Breakfast bake

Thanks to this tempting breakfast bake dish from recipes+ you can enjoy this vegetarian beauty baked rather than fried, to cut down on kilojoules and save on the washing up.

  • 10 mins preparation
  • 25 mins cooking
  • Serves 6
  • Print


Breakfast bake
  • 6 thick slices (about 200g) sourdough bread, roughly torn
  • 1 medium red capsicum, cut into 2cm pieces
  • 1 medium yellow capsicum, thickly sliced
  • 1 large red onion, halved, cut into wedges
  • 250 gram cherry tomatoes
  • olive oil cooking spray
  • 1/4 cup chopped flat-leaf parsley
  • 150 gram fresh low-fat ricotta
  • 6 eggs, at room temperature


Breakfast bake
  • 1
    Preheat oven to 200°C (180°C fan-forced).

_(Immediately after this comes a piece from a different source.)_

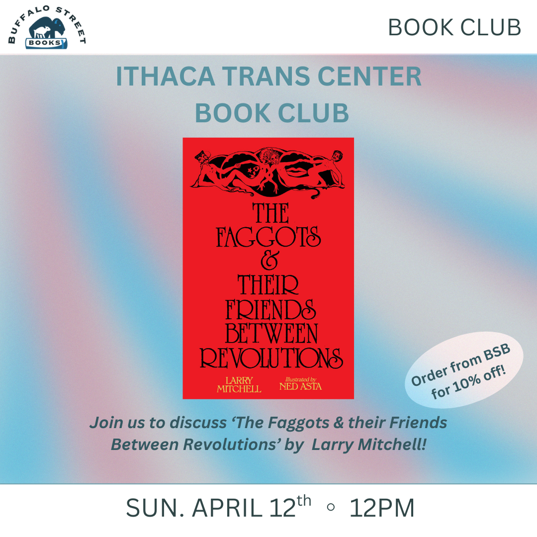 Join us to discuss โ€˜The Faggots & Their Friends Between Revolutionsโ€™ by Larry Mitchell! A book club hosted by the Ithaca Trans Center all book club books have a 10% discount

Combine bread, capsicum, onion and tomatoes in a roasting pan. Spray with oil; season with salt and pepper and toss to combine.
  • 2
    Bake for 15 minutes or until vegies are tender, turning bread and vegies halfway through cooking. Remove from oven.
  • 3
    Make 6 indents in vegie mixture. Sprinkle parsley over vegies. Dot with ricotta. Carefully crack an egg into each indent. Bake for 7-10 minutes or until eggs are cooked. Serve at once.